Healthy Slow Cooker Italian Chicken

food prep recipes Jun 14, 2020
This Healthy Slow Cooker Italian Chicken is easy to make in the crock pot! Boneless chicken breasts or thighs simmered in a richly flavored tomato sauce. Serve with GF pasta or rice for a family-friendly dinner or great for food prep. 
 
I usually steam up 2 broccoli heads an divide this by 3 meals. For my partner I cook up a box of GF spiral pasta and divide that by 3 meals. So in total it makes 6 lunch boxes.
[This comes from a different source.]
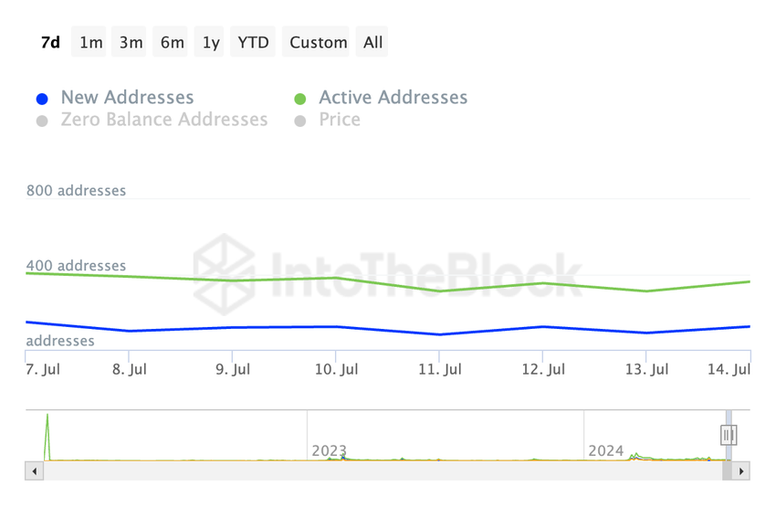 Les statistiques d’IntoTheBlock révèlent une diminution de 11 % du nombre d’adresses impliquées quotidiennement dans au moins une transaction concernant FLOKI sur la même période.

I divide the chicken and sauce evenly for this meal. (He has a extra meal a day, I just snack when I am hungry). 

Ingredients

  •  1 tablespoon extra-virgin olive oil — plus 2 teaspoons, divided
  •  1kg boneless skinless chicken thighs (can use breast)
  •  1 tsp salt
  •  1/2 tsp black pepper
  •  1 medium yellow onion — chopped
  •  3 cloves garlic — minced
  •  1 Tbsp balsamic vinegar — plus 1/2 teaspoon, divided
  •  2 x can crushed tomatoes — 400g each
  •  1 medium green bell pepper — chopped
  •  8 ounces sliced mushrooms
  •  2 teaspoons Italian seasoning
  • 1/2 cup chopped black olives
For Serving. 
  • GF pasta, brown rice, rice, zucchini noodles, steamed broccoli 
  •  Chopped fresh parsley - optional 

Method

    1. Lightly coat a large slow cooker with olive oil. Heat 1 tablespoon olive oil in a large pan over medium high. Season both sides of the chicken with salt and pepper. Once the oil is hot and shimmering, add the chicken in a single layer. Cook on the first side for 3 to 4 minutes, until browned, moving the chicken as little as possible so that it gets golden brown. Flip and brown on the other side, about 2 additional minutes. Transfer the chicken to the slow cooker.
    2. Add the remaining 2 teaspoons olive oil to a clean pan. One the oil is hot, add the onion and cook until beginning to soften, about 3 minutes. Add the garlic and 1 tablespoon balsamic vinegar. Cook for 1 minute, or until the garlic is fragrant and the vinegar has reduced. Transfer to the slow cooker, along with any pan oils.
    3. Top the chicken with the tomatoes, olives, green bell pepper, mushrooms, and Italian seasoning cover and cook LOW for 5 to 6 hours. 
    4. If desired, chop or shred the chicken (or you can serve the pieces whole).
    5. Serve the chicken pieces whole with a generous amount of the sauce on top. Serve hot over GF pasta, rice or veggies, with a big extra spoonful of sauce and a sprinkle of parsley!